Twenty-five years ago, Lamb maximized her RRSP contributions to save on taxes. In 2005, she received a package from her employer; she credits a financial advisor for helping her invest that pension money wisely.
Lamb suggests people approaching retirement “start aggressively planning at age 50 – sooner is even better.” Her sons, age 32 and 30, are taking her advice: They both have plans already.
Now that she’s retired, Lamb has more time for entertaining her family and knitting; right now, she’s working on baby blankets for her two grandchildren. After working non-stop in sales at a pharmaceutical company for 35 years, most of that time on the road, she doesn’t miss her full-time job: “not at all, not for a minute!”
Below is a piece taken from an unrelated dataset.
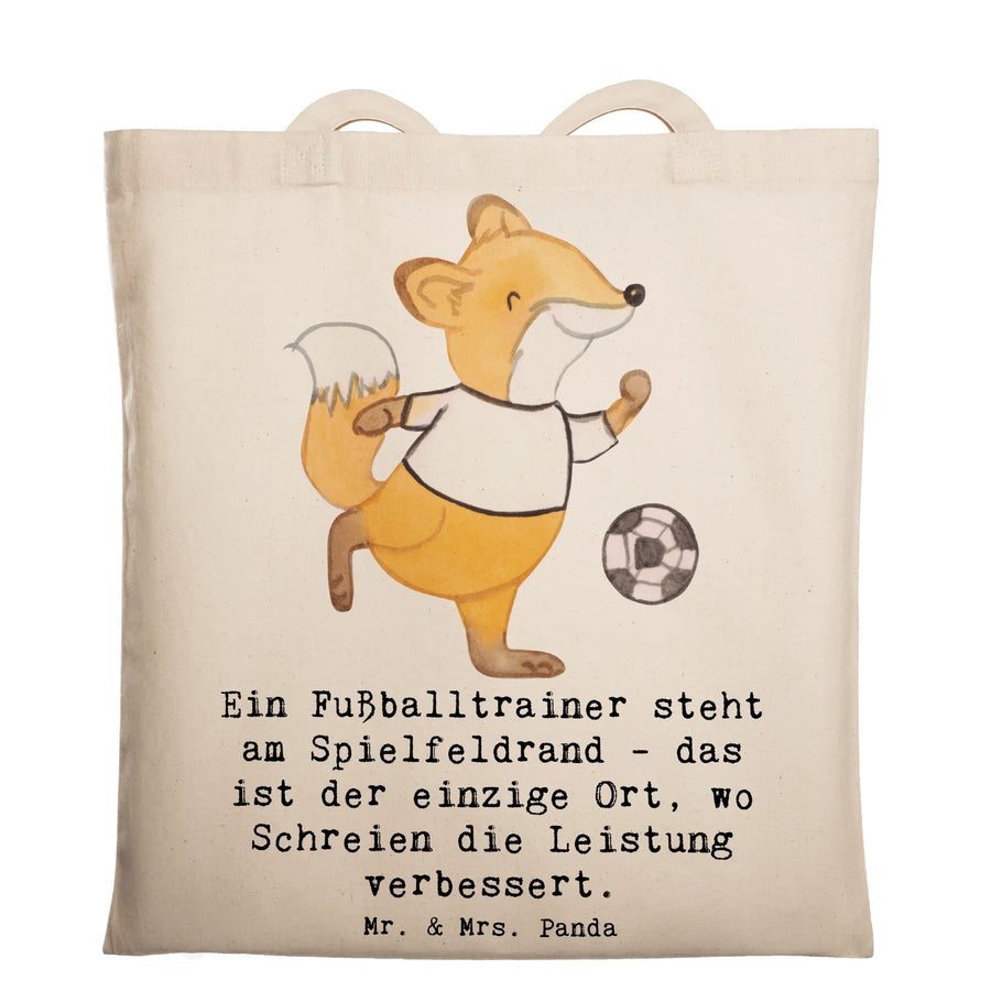 Tote bag Ein Fußballtrainer steht am Spielfeldrand - das ist der einzige Ort, wo Schreien die Leistung verbessert. - Transparent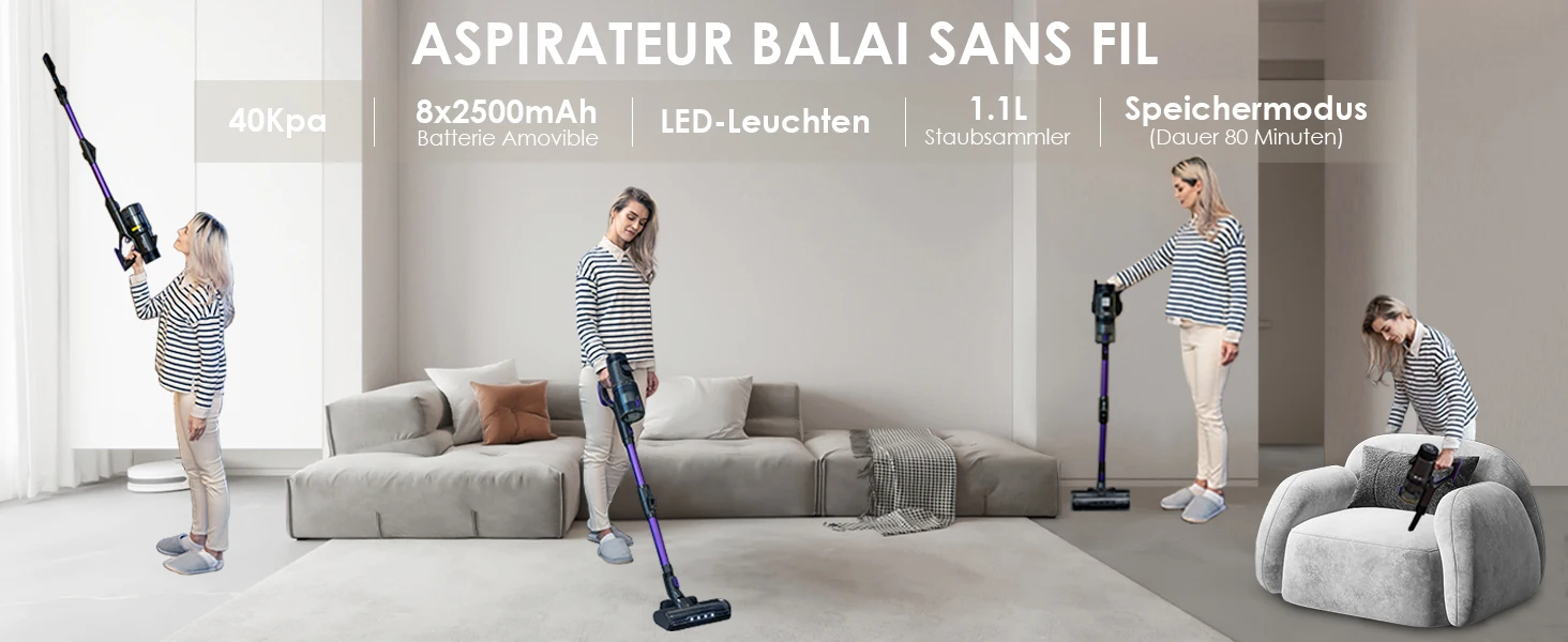 【80 minutes Long run time】:This cordless vacuum cleaner dispenses with the conventional 6-7 cells and excands the battery capacity to 8x2500mAh, effectively solving the problem of inefficient battery life. The impressive runtime of up to 80 minutes allows you to thoroughly clean your entire home without having to constantly recharge the battery. Batteries replacement are available separately from Amazon.

She says she “loves retirement to bits and can’t wait for my husband to retire at the end of 2014.” Enjoying “family, laughter, and exploring new places” top her retirement priority list. “Both my husband and I have worked hard all our lives,” she says. “We’re in great health, young, are financially set and with the sale of our home will have lots of disposable income to play with, rather than have it tied up in real estate.”
Common ingredients for retirement success emerge from Lamb’s and Watson’s stories: Work hard, start saving early, and put as much money into RRSPs as possible. A career-exit strategy helps, too. For best results, this approach calls for sound financial guidance from a trusted advisor.
* 40.4% polled say enjoying an active lifestyle, the number-one response, is most important. “The 2013 Picture Perfect Retirement Contest,” commissioned by Sun Life Financial.